You can run individual checks and save the plots.

```python
# Check Frequency Spectrum (Capacity)
lens.spectrum(mode='global', save_path="spectrum.png")

# Check Geometry Preservation (using synthetic Swiss Roll)
lens.geometry(save_path="geometry.png")

```

## 🏥 Understanding the Report

* **[GOLD STANDARD]:** Your circuit has a rich spectrum (multiple frequencies) AND preserves geometry. It is ready for research.
* **[SAFE BUT SIMPLE]:** Your circuit is linear (). It will work on simple data (Iris) but underfit complex data (Moons).
* **[BROKEN GEOMETRY]:** Your circuit destroys the data structure (e.g., score < 0.5). Check your data scaling!

## 🔧 Supported Frameworks

* **Qiskit** (Native support)
* **PennyLane** (Auto-detected if installed)


## Sample Output
---
#### Testing with Real Data: Two Moons 
[Test Script: Two Moons](https://raw.githubusercontent.com/mamuncseru/hilbertlens/main/tests/hilbertlens_testing/test_two_moons.py)

**Data Shape:** `(200, 2)`  
**Features:** 2  

#### i. Quantum Circuit
**Circuit Created:** 2-Qubit Entangled Network

![Two Moons Encoding Circuit](https://raw.githubusercontent.com/mamuncseru/hilbertlens/main/tests/hilbertlens_testing/two_moons_encoding_circuit.png)

**[HilbertLens]** Initialized for framework: `qiskit`


#### ii. Geometry Check (Two Moons)

**Status:** Analyzing Geometry  
- **Geometry Score (Spearman Correlation):** `0.9182`  
- **Output:** `moons_geometry.png`



#### iii. Spectrum Check

**Status:** Computing Spectrum  
**Mode:** Global

**Dominant Frequencies — Global Sweep**
- **k = 1.0** | Power: `0.446`  
- **k = 3.0** | Power: `0.442`  
- **k = 2.0** | Power: `0.112`  

**Output:** `moons_spectrum.png`
![Two Moons Spectrum](https://raw.githubusercontent.com/mamuncseru/hilbertlens/main/tests/hilbertlens_testing/moons_spectrum.png)

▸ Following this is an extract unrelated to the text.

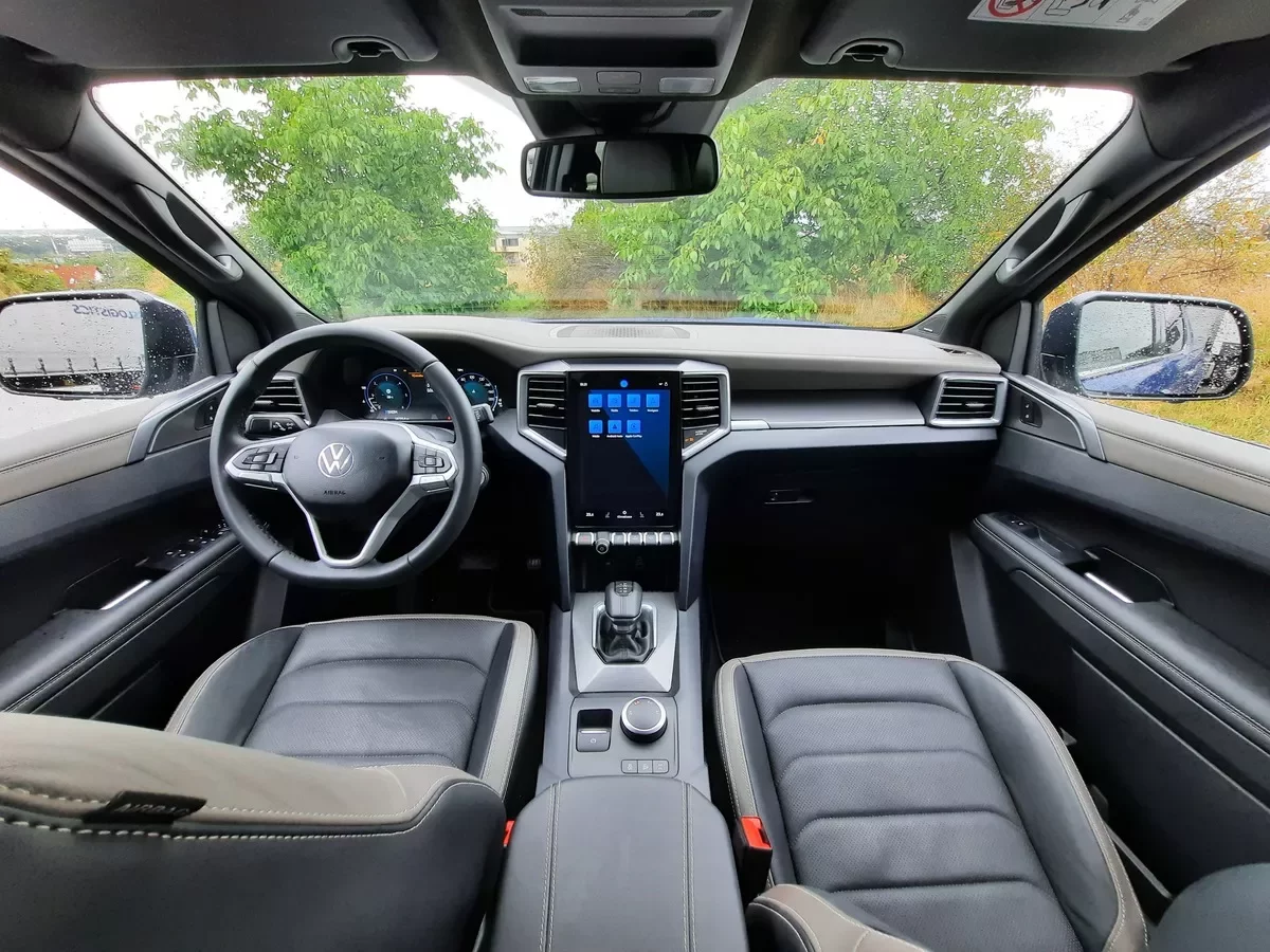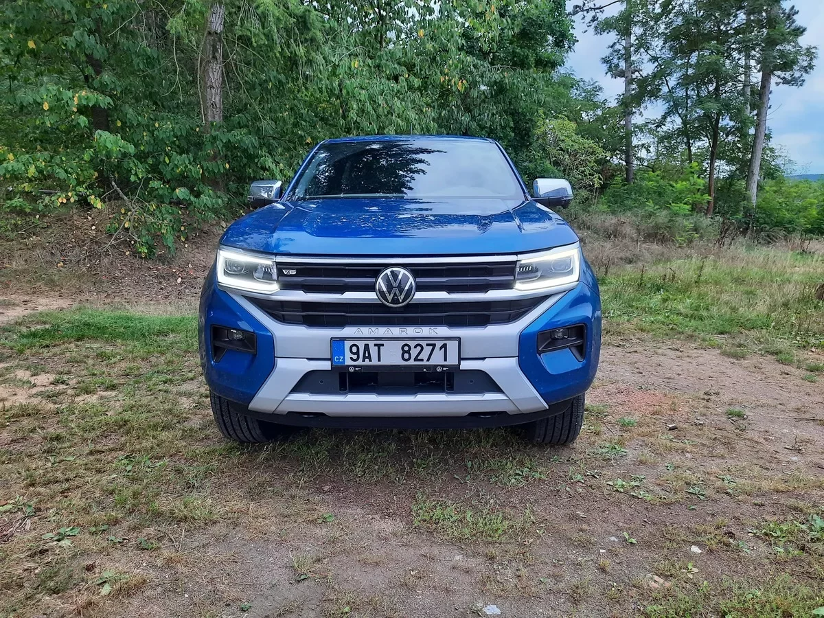 V rámci vizuálu si určitě zamilujete ty úzké světlomety, které vystupují z robustní masky. Navíc v oné vrcholové verzi se můžete pyšnit inteligentními matrixovými svítilnami. V praxi to znamená, že i v noci se budete cítit jako ve dne, uvidíte všechno, a přitom nebudete oslňovat protijedoucí řidiče, což si nebudeme nalhávat, je v těchto velkých pick-upech většinou problém, protože jste výš než ostatní účastníci provozu. Světla jsou schopna rozrážet i velmi hustý déšť, takže se nemusíte obávat, že by plnila svou funkci jen za naprosto ideálního počasí. Jinak Aventura nabídne ještě příjemný vnější prvek, a to jakési tvarování předního nárazníku do písmene X. Tím, že byl metalicky lakovaný, opravdu z té modré příplatkové (17 146 Kč) metalízy vystupoval a dával Amaroku luxusnější pocit.

#### HILBERTLENS DIAGNOSIS REPORT

### [1] Spectrum Analysis — Capacity & Expressibility
- **Active Frequencies:** 3 (Richness)  
- **Max Frequency:** `k = 3.0` (Bandwidth)  
- **Category:** High Capacity (Rich Expressibility)  
- **Assessment:** Complex spectrum with three active frequencies; capable of deep nuance.  
- **Advice:** Gold standard. Capable of universal classification.

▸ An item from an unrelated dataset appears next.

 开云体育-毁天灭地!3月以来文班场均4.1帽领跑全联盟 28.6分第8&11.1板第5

#### [2] Geometry Analysis — Inductive Bias
- **Preservation Score:** `0.9182` (Spearman ρ)  
- **Category:** Excellent Preservation  
- **Assessment:** The quantum kernel faithfully preserves the topological structure of the input data.


#### [3] Final Verdict

> **[GOLD STANDARD] READY FOR RESEARCH**  
> Your circuit exhibits **High Capacity (Rich Spectrum)** and **Stable Geometry**.  
> It can learn complex decision boundaries without breaking data topology.